Your assignment: Given the records underneath, please repeat exactly the lines from the line with "one of the (slightly" through the line with "Beyza Alkoç'un Karantina", passing over any picture.

Data records:

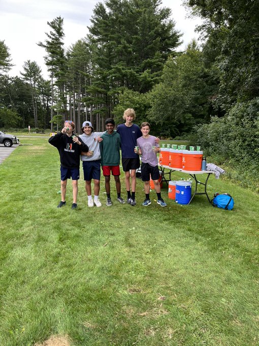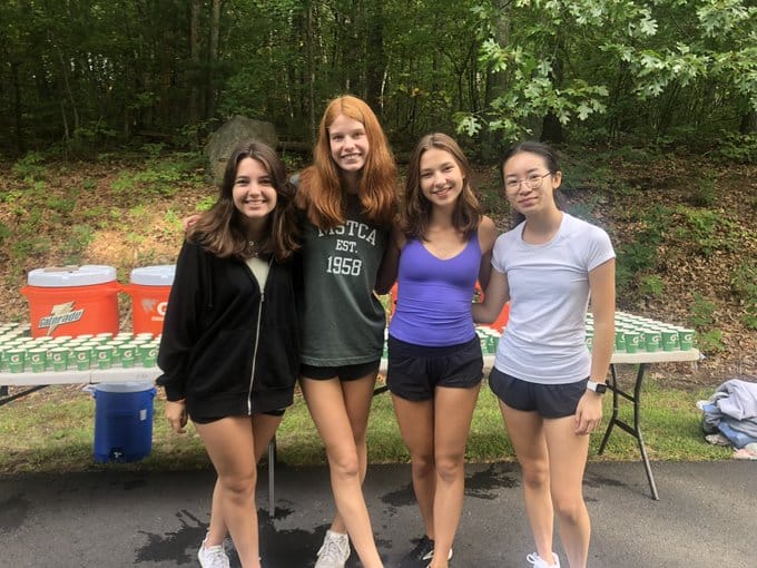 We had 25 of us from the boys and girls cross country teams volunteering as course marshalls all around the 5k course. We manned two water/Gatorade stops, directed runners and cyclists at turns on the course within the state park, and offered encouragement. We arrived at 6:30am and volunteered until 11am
--
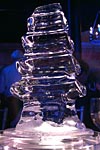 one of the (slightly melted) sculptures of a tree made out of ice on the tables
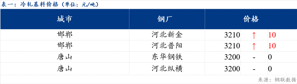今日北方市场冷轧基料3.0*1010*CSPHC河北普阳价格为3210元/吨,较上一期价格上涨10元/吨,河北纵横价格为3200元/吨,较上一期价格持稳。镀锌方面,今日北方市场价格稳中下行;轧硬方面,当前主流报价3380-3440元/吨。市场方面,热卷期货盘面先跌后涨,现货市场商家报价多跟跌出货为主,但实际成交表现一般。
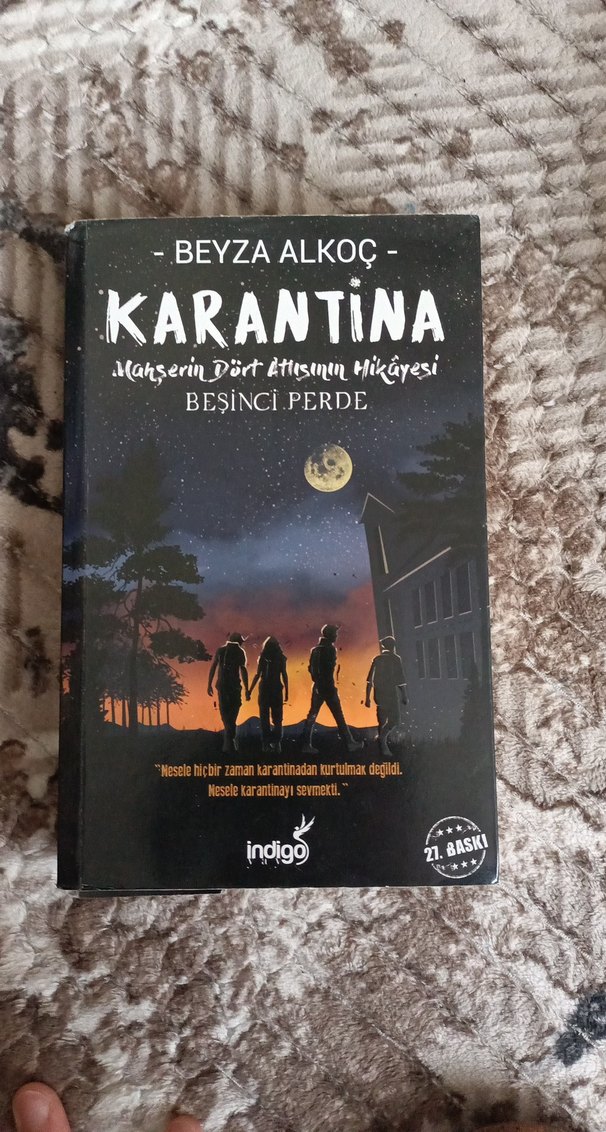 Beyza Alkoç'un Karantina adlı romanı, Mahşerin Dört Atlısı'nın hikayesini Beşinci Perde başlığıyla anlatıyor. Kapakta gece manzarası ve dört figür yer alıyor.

Task answer:
 one of the (slightly melted) sculptures of a tree made out of ice on the tables
今日北方市场冷轧基料3.0*1010*CSPHC河北普阳价格为3210元/吨,较上一期价格上涨10元/吨,河北纵横价格为3200元/吨,较上一期价格持稳。镀锌方面,今日北方市场价格稳中下行;轧硬方面,当前主流报价3380-3440元/吨。市场方面,热卷期货盘面先跌后涨,现货市场商家报价多跟跌出货为主,但实际成交表现一般。
 Beyza Alkoç'un Karantina adlı romanı, Mahşerin Dört Atlısı'nın hikayesini Beşinci Perde başlığıyla anlatıyor. Kapakta gece manzarası ve dört figür yer alıyor.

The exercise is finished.